Write out the listing below in full and exactly, leaving out every picture.

#### Raw data
• • • • •

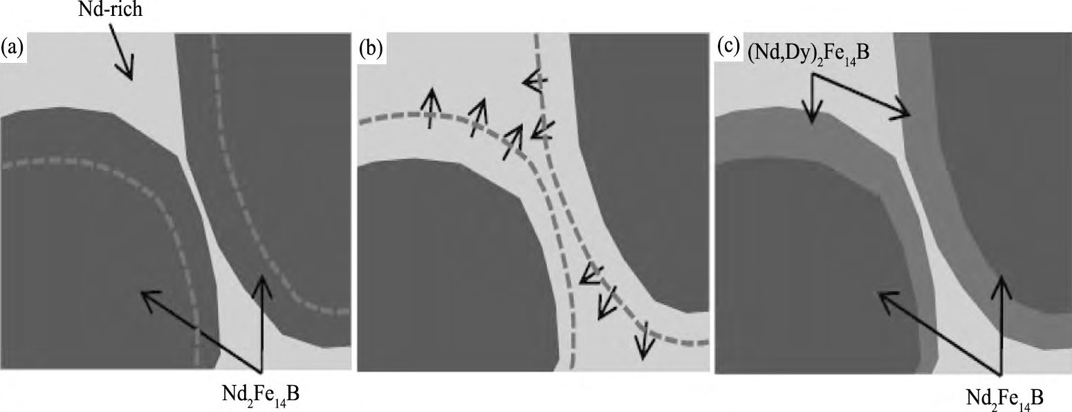 图1 4 Dy取代Nd的可能机制的示意图Fig.14 Schematic of a possible mechanism for replacement of Nd with Dy[40] (a) Before GBD treatment; (b) During annealing; (c) After diffusion annealing
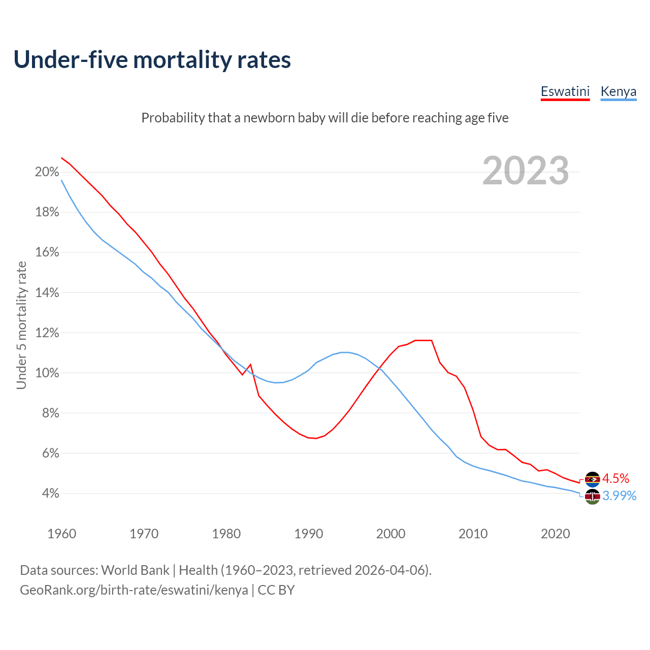 The chance that a newborn baby will die before reaching age five is 4.5% in Eswatini and 3.99% in Kenya. Above is a chart with historical data on under-five mortality rates.
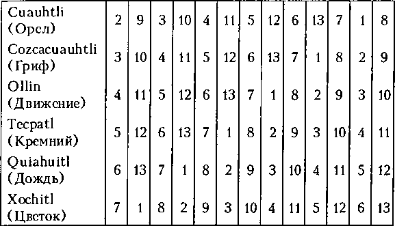 Поименованные таким образом годы следовали один за другим в одном и том же порядке, и должно было пройти пятьдесят два года, прежде чем появится год с тем же именем и с той же цифрой. Период из пятидесяти двух лет был как бы эквивалентом нашему веку.

• • • • •

#### Task output
 图1 4 Dy取代Nd的可能机制的示意图Fig.14 Schematic of a possible mechanism for replacement of Nd with Dy[40] (a) Before GBD treatment; (b) During annealing; (c) After diffusion annealing
 The chance that a newborn baby will die before reaching age five is 4.5% in Eswatini and 3.99% in Kenya. Above is a chart with historical data on under-five mortality rates.
 Поименованные таким образом годы следовали один за другим в одном и том же порядке, и должно было пройти пятьдесят два года, прежде чем появится год с тем же именем и с той же цифрой. Период из пятидесяти двух лет был как бы эквивалентом нашему веку.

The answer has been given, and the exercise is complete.